» **EXERCISE INSTRUCTIONS**
Only one span of the listing below should come back. It runs from the line with "Różane 25 c" through the line with "okładziny z płytek, wykonaliśmy", and each of its lines must be reproduced exactly.

» **INFORMATION SUPPLIED**
========

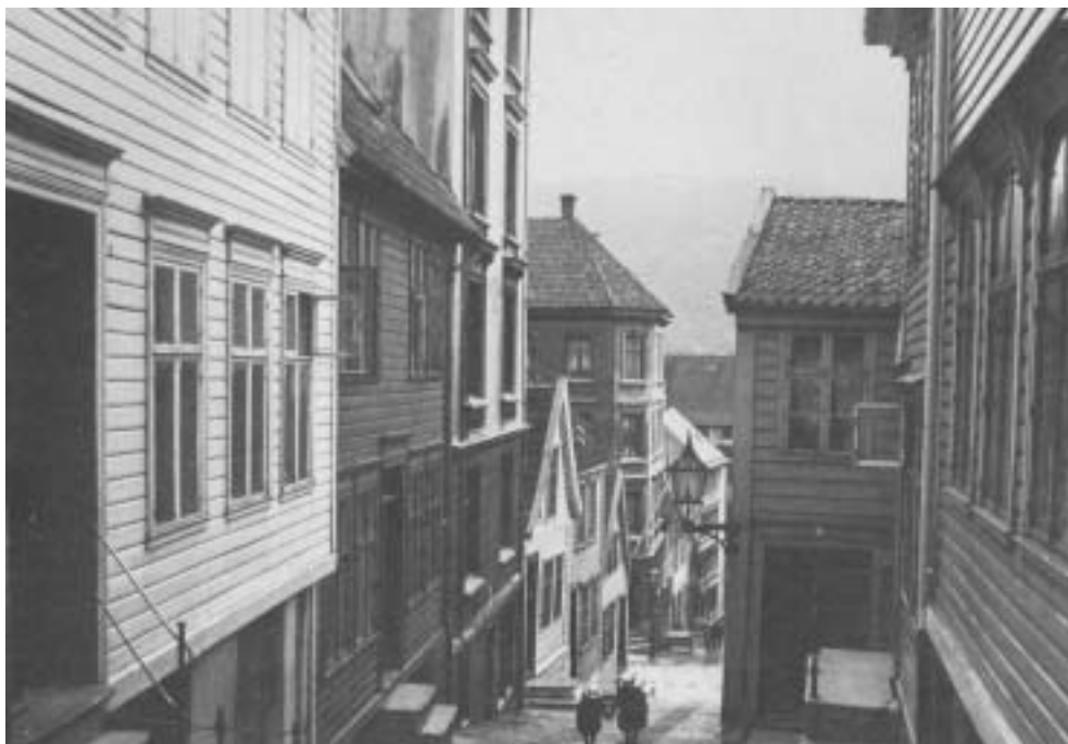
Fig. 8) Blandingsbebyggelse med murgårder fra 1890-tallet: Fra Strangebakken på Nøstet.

========

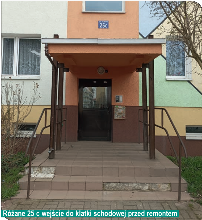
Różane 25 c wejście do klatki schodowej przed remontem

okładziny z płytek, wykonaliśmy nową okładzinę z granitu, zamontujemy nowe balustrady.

========

» **OUTPUT OF THE EXERCISE**
Różane 25 c wejście do klatki schodowej przed remontem

okładziny z płytek, wykonaliśmy nową okładzinę z granitu, zamontujemy nowe balustrady.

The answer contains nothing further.